* _GIVEN RECORDS_:
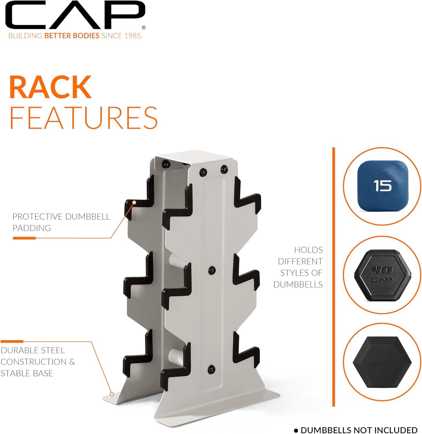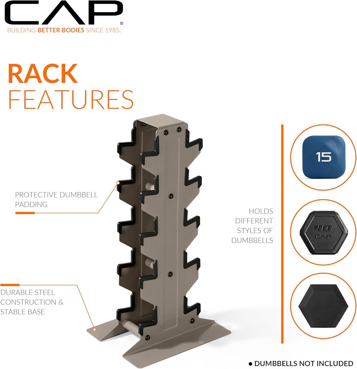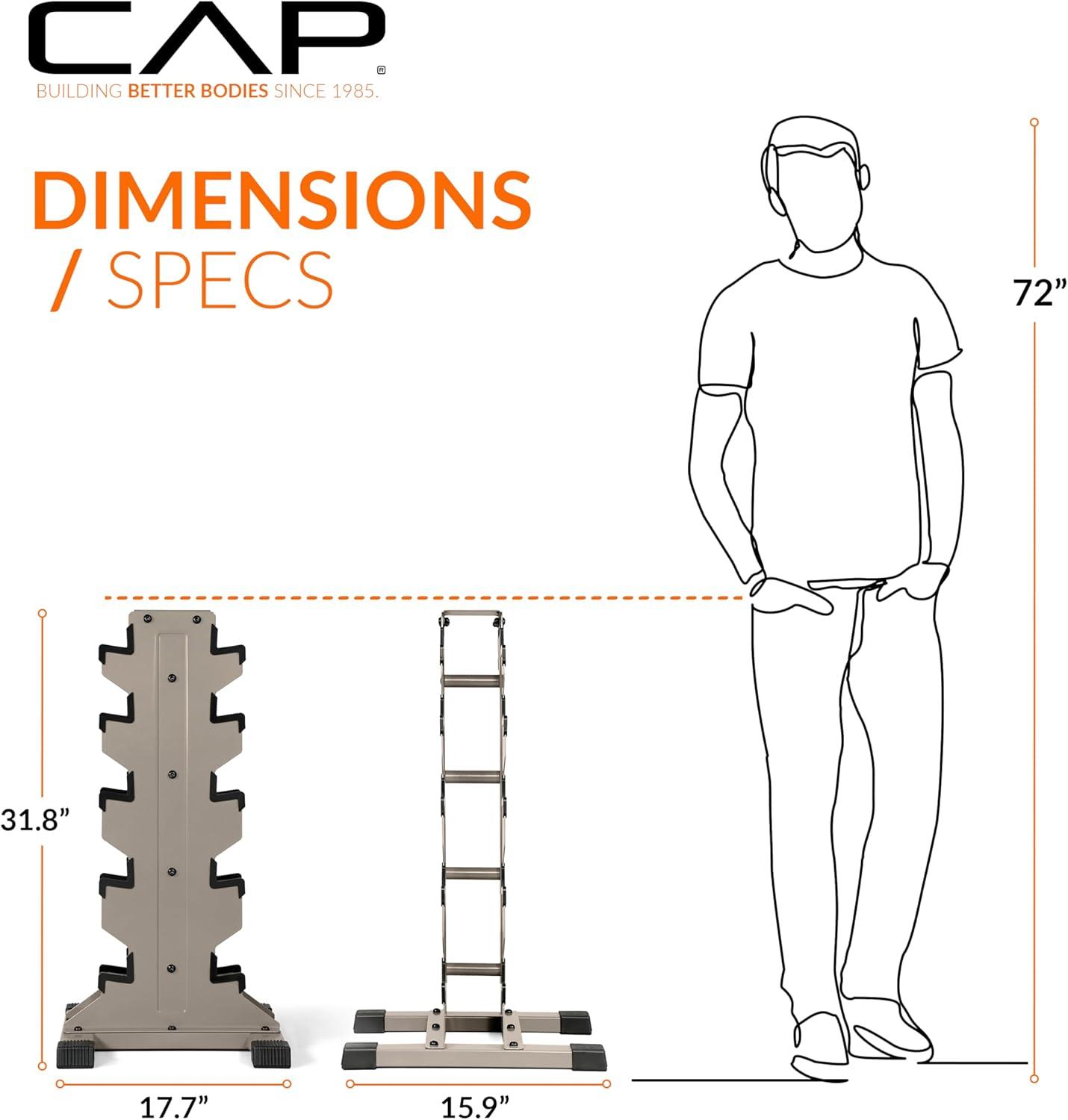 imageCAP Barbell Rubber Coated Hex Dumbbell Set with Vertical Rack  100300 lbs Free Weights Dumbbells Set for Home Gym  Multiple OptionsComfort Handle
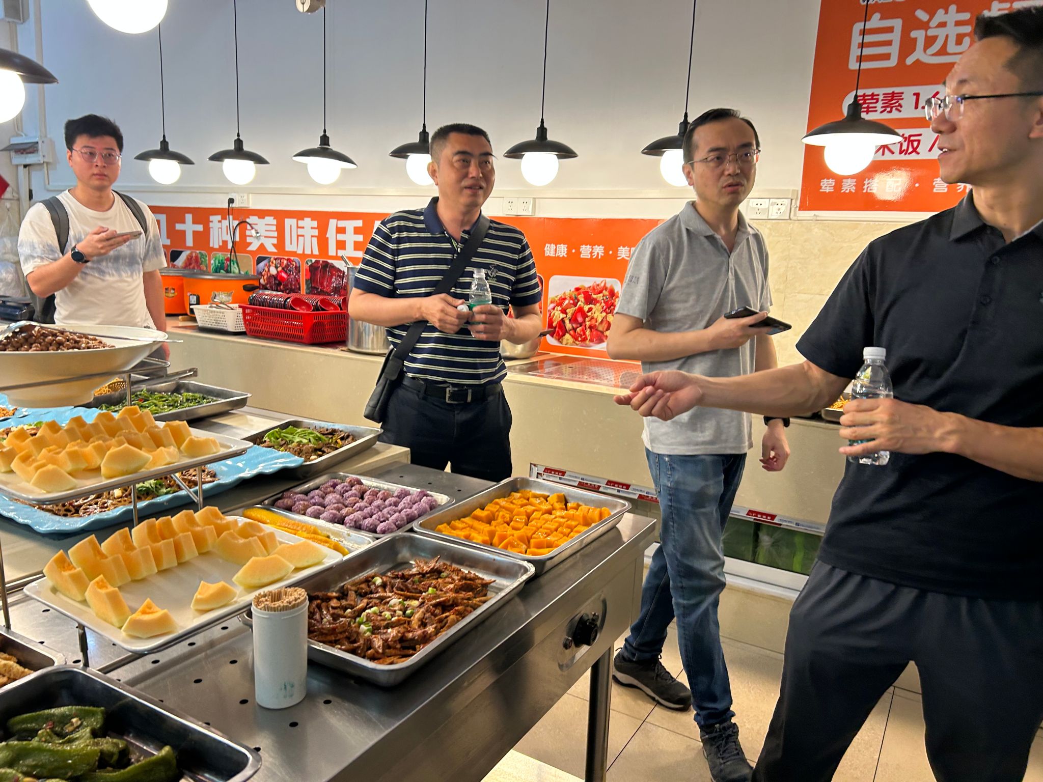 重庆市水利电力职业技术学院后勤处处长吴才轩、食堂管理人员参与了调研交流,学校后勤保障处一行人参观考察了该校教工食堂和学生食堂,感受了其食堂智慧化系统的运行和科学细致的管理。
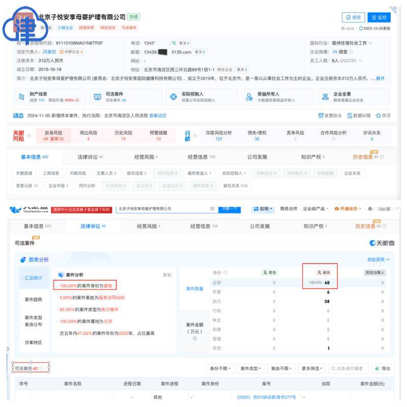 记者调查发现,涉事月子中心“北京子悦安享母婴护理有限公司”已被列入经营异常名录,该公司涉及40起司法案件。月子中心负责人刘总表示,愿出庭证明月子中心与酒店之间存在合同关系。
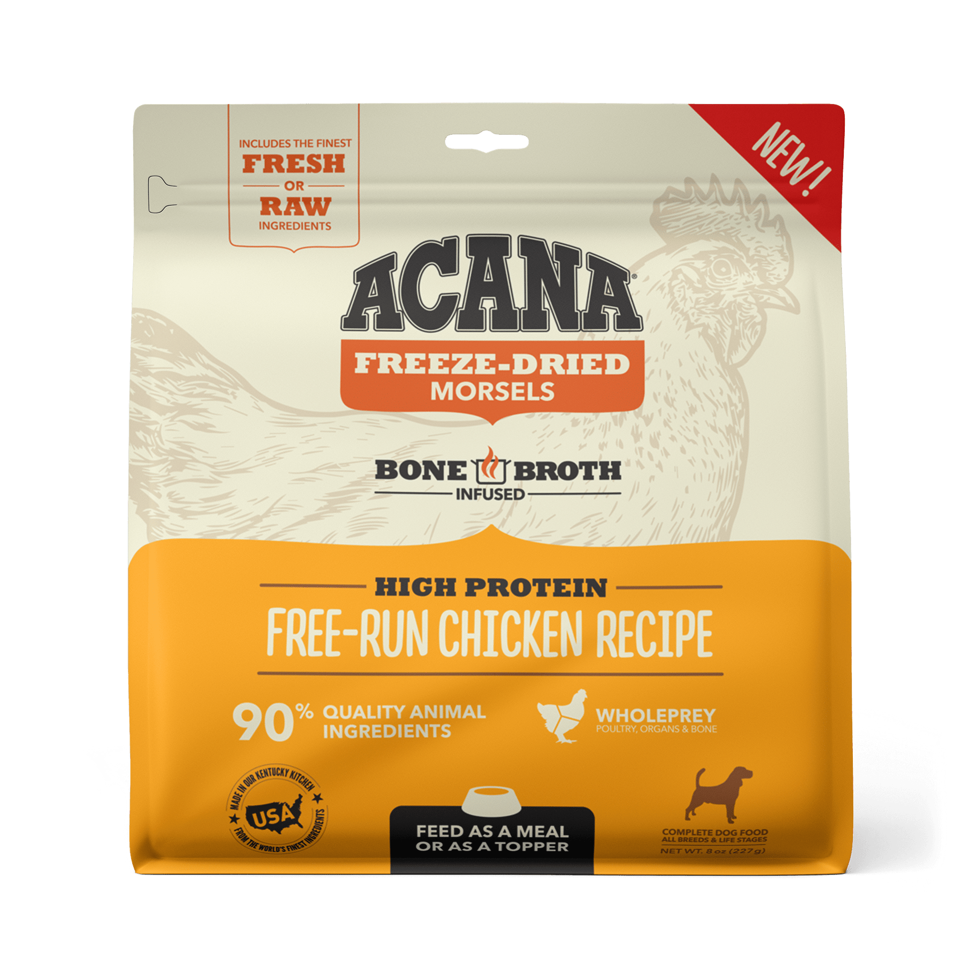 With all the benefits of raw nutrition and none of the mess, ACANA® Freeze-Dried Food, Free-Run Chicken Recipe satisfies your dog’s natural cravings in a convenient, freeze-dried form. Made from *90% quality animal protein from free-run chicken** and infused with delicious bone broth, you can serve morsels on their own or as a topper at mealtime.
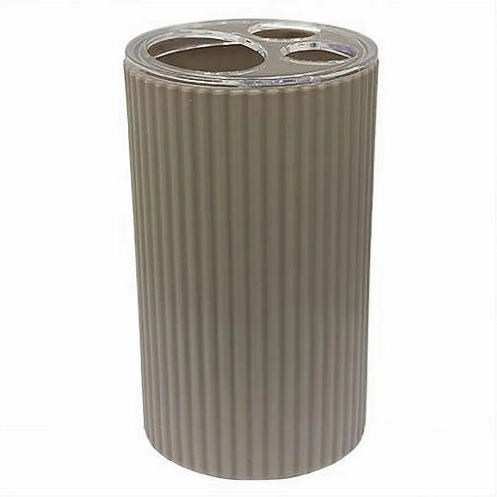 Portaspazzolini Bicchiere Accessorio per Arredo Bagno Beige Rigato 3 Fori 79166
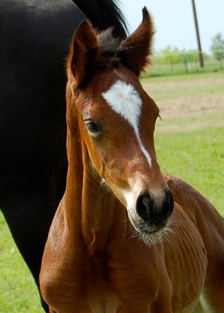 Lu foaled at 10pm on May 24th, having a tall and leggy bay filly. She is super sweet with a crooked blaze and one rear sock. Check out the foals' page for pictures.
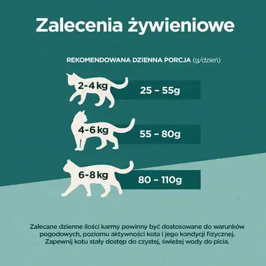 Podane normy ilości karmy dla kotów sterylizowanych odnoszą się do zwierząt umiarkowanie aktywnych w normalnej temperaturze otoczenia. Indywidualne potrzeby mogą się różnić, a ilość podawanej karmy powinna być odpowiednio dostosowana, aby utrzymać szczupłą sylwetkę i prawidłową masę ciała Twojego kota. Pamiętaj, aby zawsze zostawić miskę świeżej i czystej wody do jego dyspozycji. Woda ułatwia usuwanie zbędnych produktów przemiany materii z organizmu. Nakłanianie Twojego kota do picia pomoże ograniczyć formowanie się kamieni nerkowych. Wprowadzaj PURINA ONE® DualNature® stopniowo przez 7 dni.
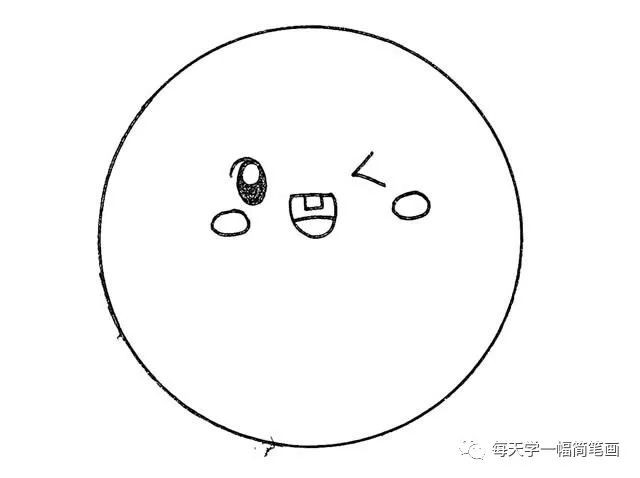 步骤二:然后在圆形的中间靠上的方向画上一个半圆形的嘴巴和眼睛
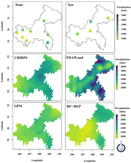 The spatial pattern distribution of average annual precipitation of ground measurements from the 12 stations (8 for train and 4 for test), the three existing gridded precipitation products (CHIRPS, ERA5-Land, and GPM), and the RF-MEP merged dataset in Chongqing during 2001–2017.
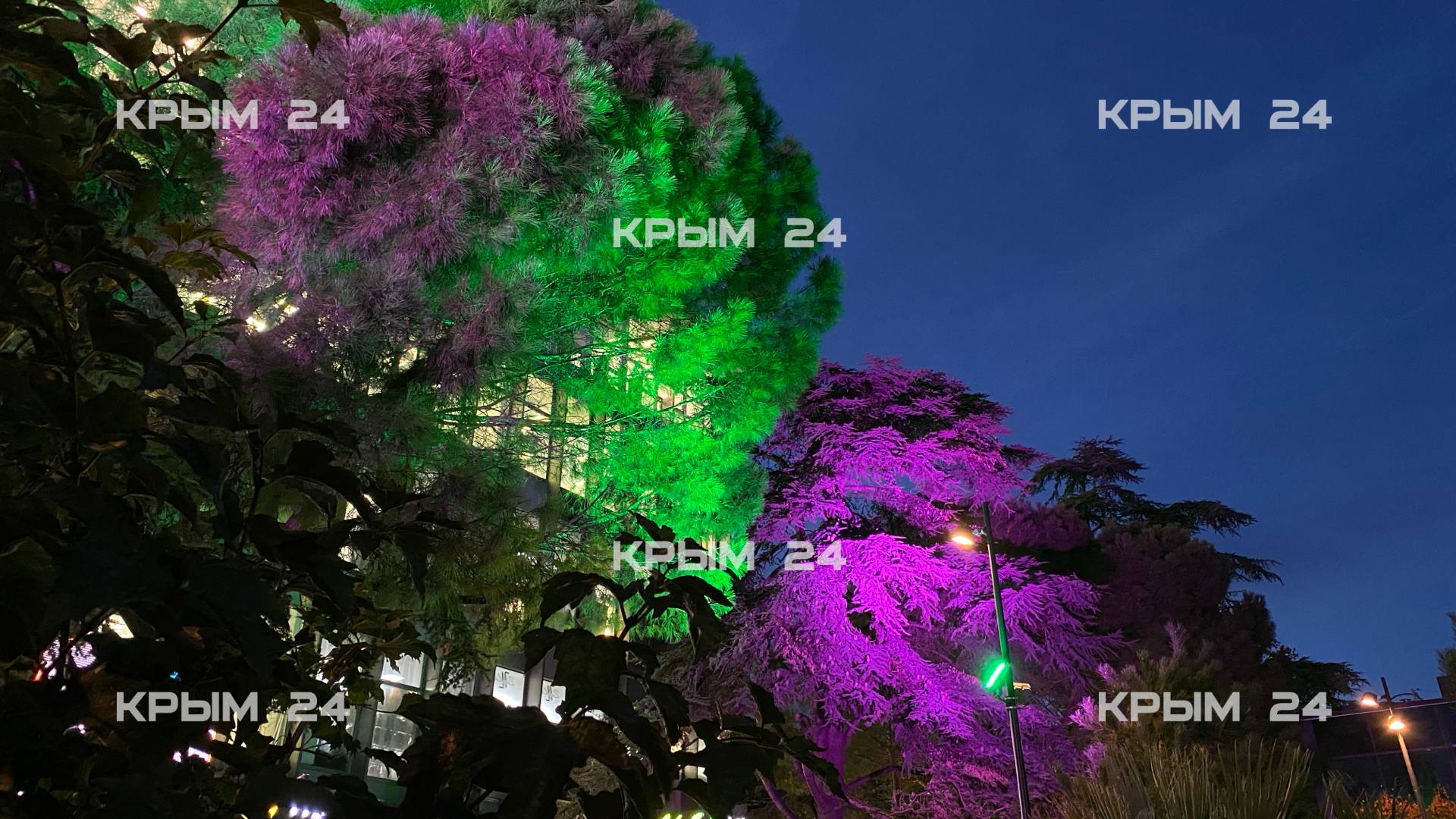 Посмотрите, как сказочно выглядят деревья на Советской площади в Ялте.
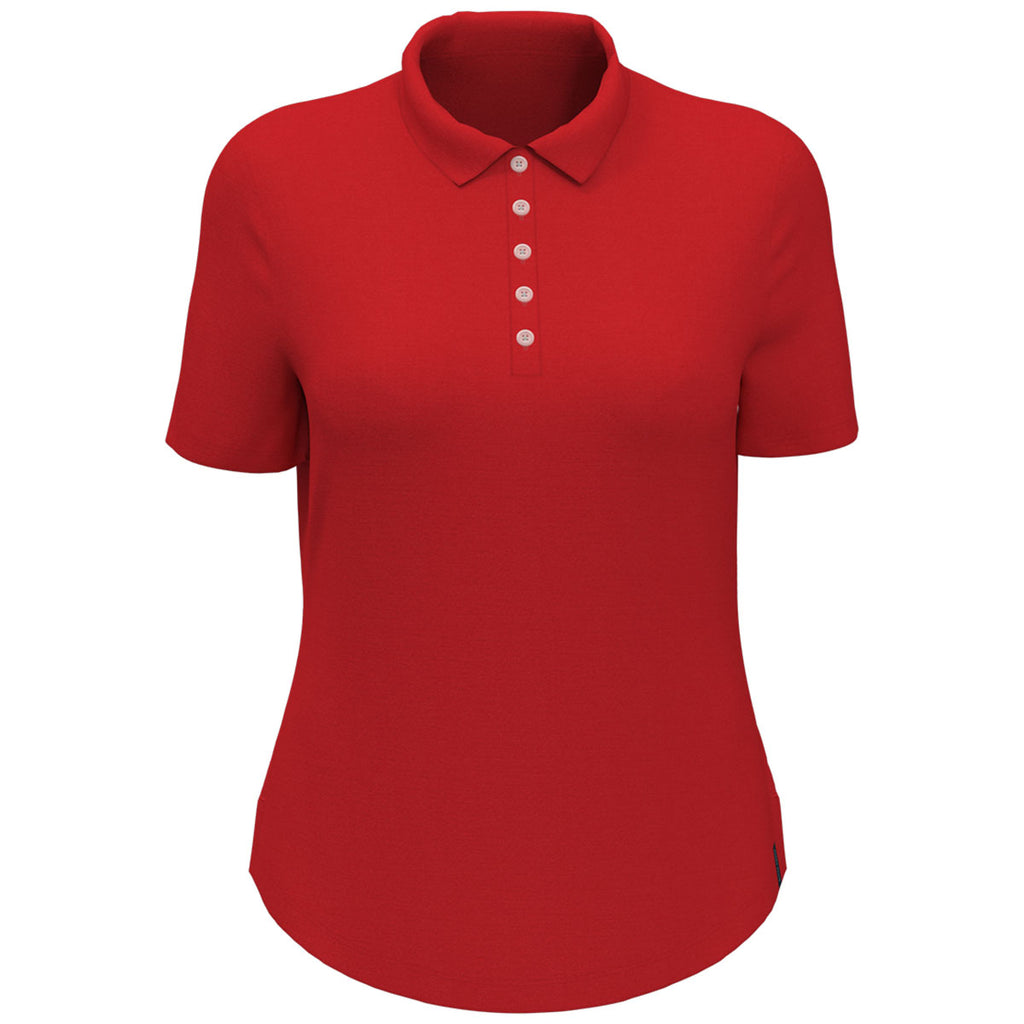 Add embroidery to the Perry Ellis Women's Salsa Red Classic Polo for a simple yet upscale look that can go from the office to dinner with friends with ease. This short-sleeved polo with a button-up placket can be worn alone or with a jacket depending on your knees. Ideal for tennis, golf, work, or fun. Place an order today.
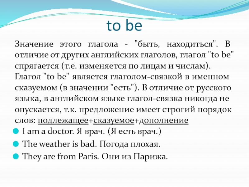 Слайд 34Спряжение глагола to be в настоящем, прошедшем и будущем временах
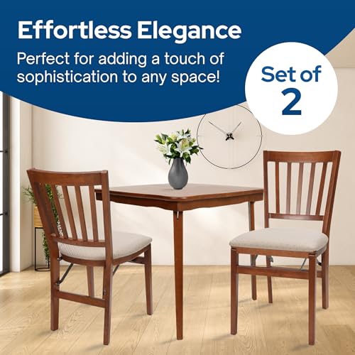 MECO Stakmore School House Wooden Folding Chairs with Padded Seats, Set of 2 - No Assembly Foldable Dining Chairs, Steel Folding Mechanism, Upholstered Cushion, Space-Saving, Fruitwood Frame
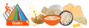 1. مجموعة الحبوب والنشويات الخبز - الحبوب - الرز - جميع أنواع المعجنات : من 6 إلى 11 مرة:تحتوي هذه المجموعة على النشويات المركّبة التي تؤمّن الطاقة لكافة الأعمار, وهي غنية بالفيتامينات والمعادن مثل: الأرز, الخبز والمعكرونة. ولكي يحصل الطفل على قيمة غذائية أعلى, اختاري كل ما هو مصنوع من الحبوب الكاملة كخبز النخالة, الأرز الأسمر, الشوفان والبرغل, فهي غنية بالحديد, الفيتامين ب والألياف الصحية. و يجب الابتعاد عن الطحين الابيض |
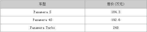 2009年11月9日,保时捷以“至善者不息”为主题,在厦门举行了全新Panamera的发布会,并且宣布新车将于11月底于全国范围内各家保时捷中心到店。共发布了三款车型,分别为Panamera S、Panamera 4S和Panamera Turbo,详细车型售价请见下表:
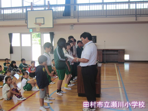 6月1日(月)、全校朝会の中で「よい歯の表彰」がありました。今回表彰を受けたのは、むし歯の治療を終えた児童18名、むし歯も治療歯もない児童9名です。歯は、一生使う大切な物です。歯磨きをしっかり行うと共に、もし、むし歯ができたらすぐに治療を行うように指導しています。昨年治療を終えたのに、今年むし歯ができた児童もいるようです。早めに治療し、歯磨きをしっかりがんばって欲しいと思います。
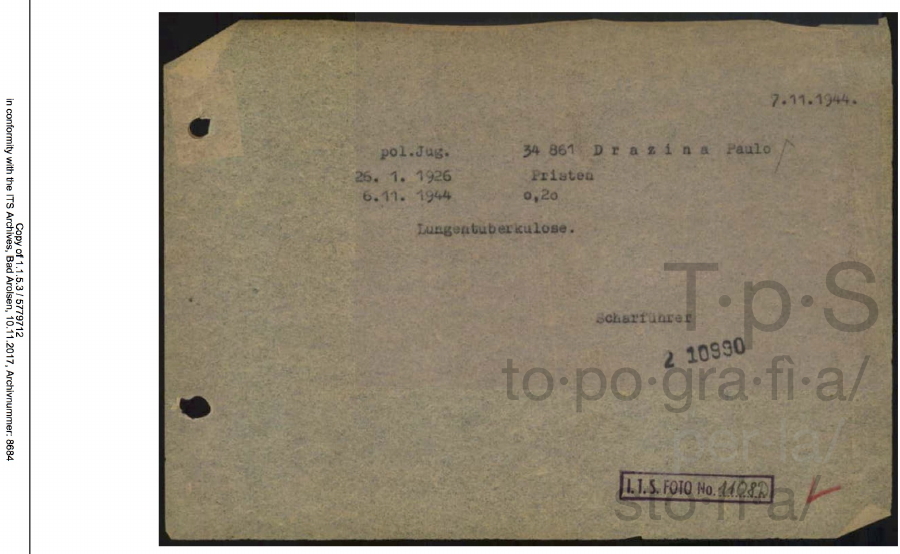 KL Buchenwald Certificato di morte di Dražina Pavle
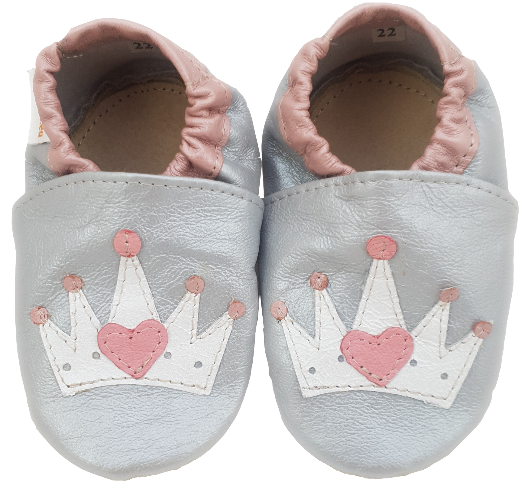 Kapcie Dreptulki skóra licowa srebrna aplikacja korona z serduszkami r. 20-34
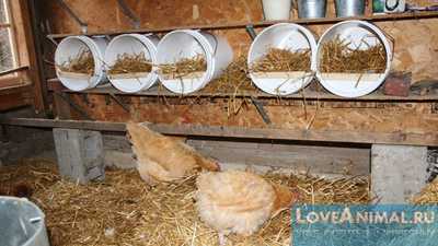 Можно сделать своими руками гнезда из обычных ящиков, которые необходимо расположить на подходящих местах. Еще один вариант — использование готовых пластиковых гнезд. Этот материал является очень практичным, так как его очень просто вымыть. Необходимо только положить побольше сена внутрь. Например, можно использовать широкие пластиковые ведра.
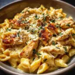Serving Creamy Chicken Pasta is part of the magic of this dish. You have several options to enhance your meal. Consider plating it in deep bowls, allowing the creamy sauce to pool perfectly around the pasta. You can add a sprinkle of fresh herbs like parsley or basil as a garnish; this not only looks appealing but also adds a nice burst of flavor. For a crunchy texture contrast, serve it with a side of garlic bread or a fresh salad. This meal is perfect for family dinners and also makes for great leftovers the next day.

* _WHAT YOU SHOULD DO_: Of all the material above, only the lines from the one that has "6月1日(月)、全校朝会の中" down to the one that has "Kapcie Dreptulki skóra" are to be written out, exactly and with both ends included. Pictures are skipped.

* _SOLUTION TO THIS TASK_:
 6月1日(月)、全校朝会の中で「よい歯の表彰」がありました。今回表彰を受けたのは、むし歯の治療を終えた児童18名、むし歯も治療歯もない児童9名です。歯は、一生使う大切な物です。歯磨きをしっかり行うと共に、もし、むし歯ができたらすぐに治療を行うように指導しています。昨年治療を終えたのに、今年むし歯ができた児童もいるようです。早めに治療し、歯磨きをしっかりがんばって欲しいと思います。
 KL Buchenwald Certificato di morte di Dražina Pavle
 Kapcie Dreptulki skóra licowa srebrna aplikacja korona z serduszkami r. 20-34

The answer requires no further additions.